If the proposal is accepted, prospective tenants have to apply for a Certificate of Good Conduct (in Dutch: VOG), a declaration by the Minister of Security and Justice which declares that the applicant did not commit any criminal offences that pose a risk to neighbourhood safety. The behaviour requirement applies to all household members including children from the age of 12.

Additionally, municipalities want to screen tenants for nuisance and disorderly behaviour. Because the VOG does not allow examining the police records of persons without a previous conviction, the plan is to make it possible based on the Rotterdam Law.

Collateral sentencing

This proposal raises all sorts of (new) questions. A fundamental objection is that even though the goal of the behaviour requirement is not to punish, it is a punishment in its consequences. If we value ex-offenders being given a second chance, we should not punish people twice. Particularly when it concerns children and adolescents, for whom delinquency is usually a passing phase and re-integration so essential.

Moreover, risk assessment is far from watertight. At the very least, it should be clear what offences qualify as risks to neighbourhood safety, and why. The proposal mentions violence, youth crime, disorder and drug-related crime. But if I get caught possessing a small amount of drugs, am I a risk to neighbourhood safety? If a kid steals a t-shirt from a local shop, is that a risk?

Be nice to your neighbours

Furthermore, what qualifies as ‘disorder’? Definitions of disorder vary greatly among people. Graffiti, for example, can be crime, or art.
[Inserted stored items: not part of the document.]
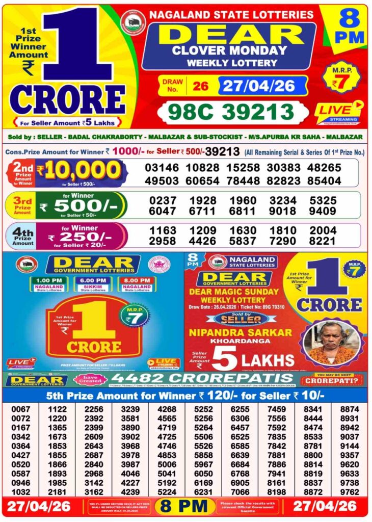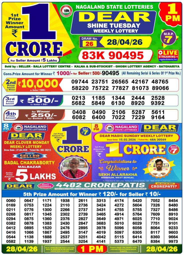 Nagaland State Lottery Sambad 27.4.2026 Today 1PM, 6PM & 8PM লটারি সংবাদ: Good morning my dear friends there you are landed at the site which has been named as Dhankesrai lottery one of the most fastest webiste in the industry of the most popular lottery sambad results and it will be your life changer oppertunity with the time and there you can win first prize of 1 crore rupees and other cash prizes and this special post can be updated with the most popular Nagaland state lottery 1pm morning, 6pm day and 8pm evening result and its the another great orning of Monday new week started Monday 27th of April 2026 so its days most lovely sambad lottery which will be alwyas been greatly known to be as Nagaland state lotteries DEAR FLAMINGO EVENING and the result will be available at 1:10pm, 6:10pm and 8:10pm.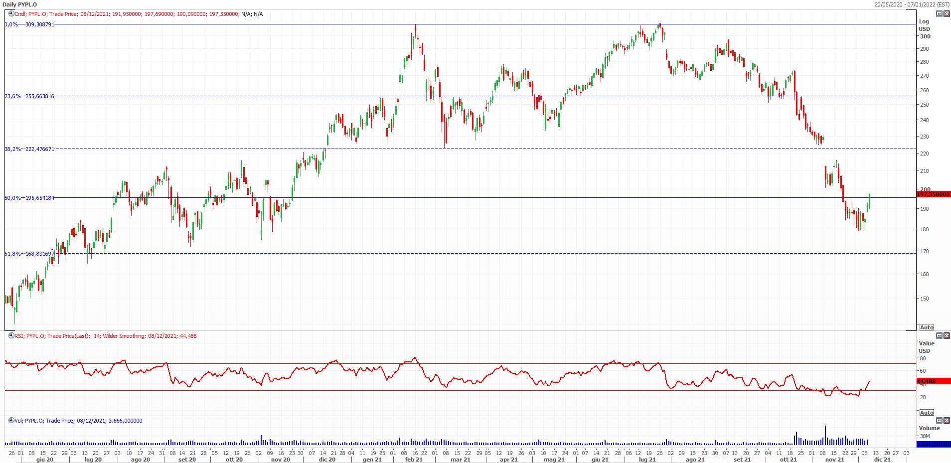 Operatività multiday. LONG sull'azione sul break di 200/204 usd, comprando Leverage Shares Paypal ETP con leva +3x, Isin XS2297550217, per target short term a 210 usd e successivo a 222 usd. Allerta/stop loss sopra 195 usd (chiusura daily).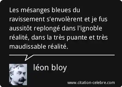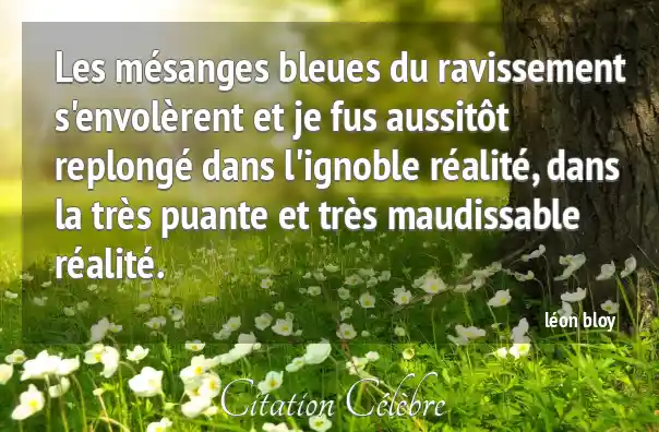 Les mésanges bleues du ravissement s'envolèrent et je fus aussitôt replongé dans l'ignoble réalité, dans la très puante et très maudissable réalité.

Drinking in public: people unwinding after work on Friday evening, or annoying homeless people? Fifteen years ago, nobody thought I was a ‘risk’ to neighbourhood safety when I loitered with friends outside, but now youths, especially young men with a non-Dutch appearance, have very different experiences – I never knew the local police officer but they most likely do. The volume of music, talk and traffic in my street is normal (I think), but would invoke many complaints in other streets. Definitions of disorder reflect certain but not necessarily everyone’s standards.

What is most worrisome is that the Rotterdam Law would allow screening based on police records even of those without a previous conviction. The risk is that tenants are excluded from housing based on suspected disorderly behaviour and filed complaints. We know neighbours don’t always get along and fights can escalate. So you’d better be nice to your neighbours!

Improving neighbourhood safety is necessary in certain neighbourhoods. But just as citizens should respect rules, the government should respect their own rules: no-one should be punished twice, and certainly not for an offence that may have never occurred.